Router fallback is exercising the new pool in production - this morning the router recorded cooldowns for bad pool entries, including non-JSON/NDJSON responses and a timeout. That behavior is better than total failure, but it also surfaced the new open bugs #878 and #879.
Stuck Tasks
| Task | Status | Notes |
|---|---|---|
#875 | blocked | Fix appears committed locally, but push/auth failure prevented PR creation and left review recovery looping |
#877 | needs_review | Issue comments say the fix is complete and tests passed, but task state has not reconciled yet |
#873, #874, #876, #878, #879 | blocked | Freshly filed operational bugs; all failed twice and are waiting for follow-up runs |
internal:8068 | blocked | Evening retrospective task is still blocked even though PR #854 merged successfully |
internal:8068 is the most suspicious stale-state case this morning.
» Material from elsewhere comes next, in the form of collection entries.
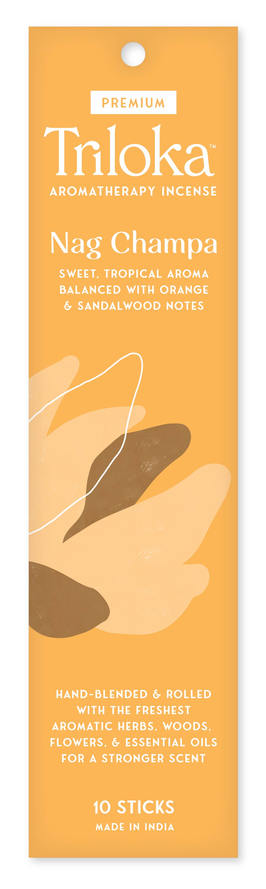 Triloka Nag Champa Premium Incense offers an uplifting and invigorating aroma that brightens the senses and refreshes the atmosphere. The sweet, floral fragrance of Nag Champa unfolds with a sense of tropical vibrancy, balanced by a delicate orange note that adds warmth and freshness. Handcrafted in India using the traditional masala method passed down through generations of incense-making families, this incense is made by blending aromatic herbs, woods, flowers, and essential oils into a rich paste, then hand-rolled onto fine bamboo sticks and sun-dried. The result is a beautifully balanced, long-lasting fragrance that gently lingers even after the incense has burned out. Each pack contains 10 sticks, thoughtfully made by our trusted supply partners. An authentic incense experience, perfect for daily rituals or moments of relaxation.
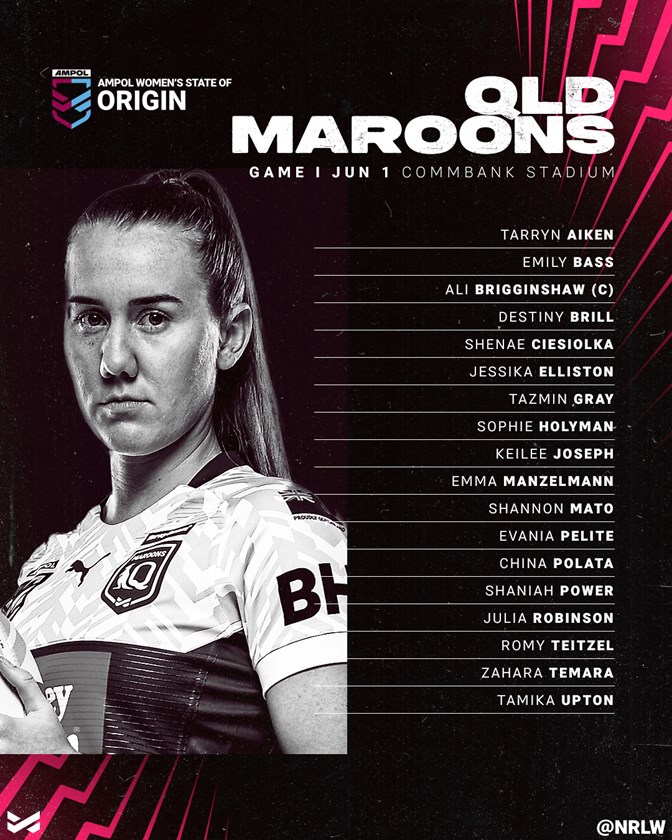 Broncos captain Ali Brigginshaw will lead the new-look Maroons squad which includes Jillaroos stars Tarryn Aiken, Shenae Ciesiolka, Evania Pelite, Julia Robinson, Shannon Mato and Joseph, who are fresh off a World Cup win.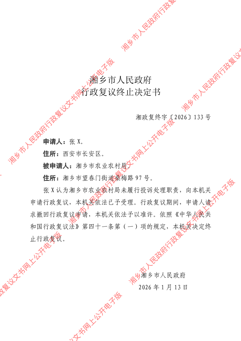 湘政復終字〔2026〕133號《行政復議終止決定書》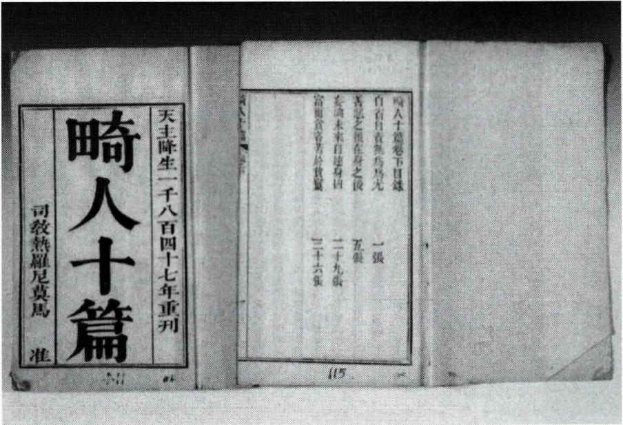중국에서 활동하던 예수회 선교사 마테오 리치(Matteo Ricci, 利瑪竇)가 저술한 서양 윤리서. 리치가 명말(明末) 의 건안왕(建安王)을 위해 저술한 것으로, 서양인들의 우정과 사고(思考)에 대한 개념을 간결한 대화체로 서술 하고 있다. 1595년(萬曆 23) 풍응경(馮應京)과 구여기 (瞿汝夔)가 서문을 붙여 남창(南昌)에서 1권 1책으로 간행하였고,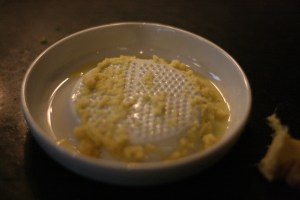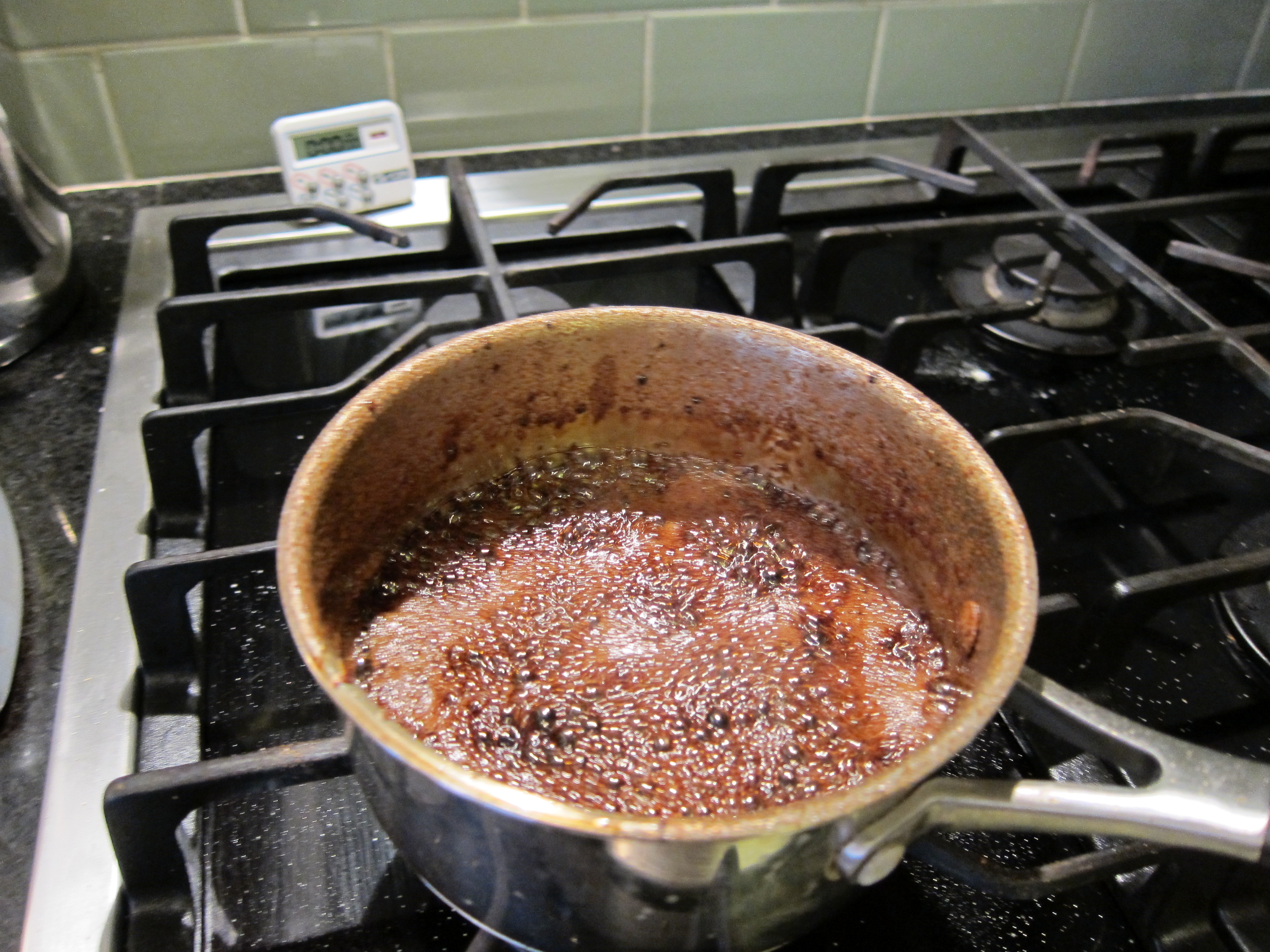 Starts with making the teriyaki sauce. MMM… This stuff is tasty and just three ingredients- Mirin, Soy Sauce, and Ginger, reduced by half. Cool and done. It turns out pretty thick and delicious.

The post merged at 23:26Z, but the internal task still shows blocked ~10 hours later. That suggests task status reconciliation after merge is still leaky for at least one internal-task path.
Operational Checks
- Are tasks stuck or failing repeatedly? Yes - the current pattern is repeated edge-case failure after otherwise successful work: parser/output handling, router-pool fallback, review recovery, and push/auth handoff.
- Are there error patterns in logs? Yes - SSH push/auth refusal, repeated PR-create 422 follow-ups on
#875, opaqueexit_code=-1agent failures, and router pool entries that return NDJSON or timeout. - Did the evening retro flag anything? Yes - event bus monitoring, streaming smoke test, channel-routing smoke test, webhook re-enable, and shared auth-classifier tests. Only the first is showing early signs of stability; the rest remain open.
- Are tasks waiting on owner feedback? Not directly. The queue is blocked by automation and state-management issues, not missing product decisions.
Today's Priorities
- Clear the blocked issue queue (
#873-#879) - especially#875and#877, where the code may already be fixed but task state is wrong. - Investigate stale status reconciliation for
internal:8068- merged PRs should not leave internal cron tasks blocked overnight. - Harden router/output parsing around NDJSON and malformed JSON blocks - the new pool is already surfacing real response-shape variability.
- Improve runner diagnostics for startup failures -
exit_code=-1with empty output is still too opaque for reliable auto-recovery. - Run the long-pending channel-routing smoke test - the codebase is stable enough that this should move from passive monitoring to an explicit check.
No new GitHub issues were created during this review because the operational problems found this morning are already represented by the current open issue queue.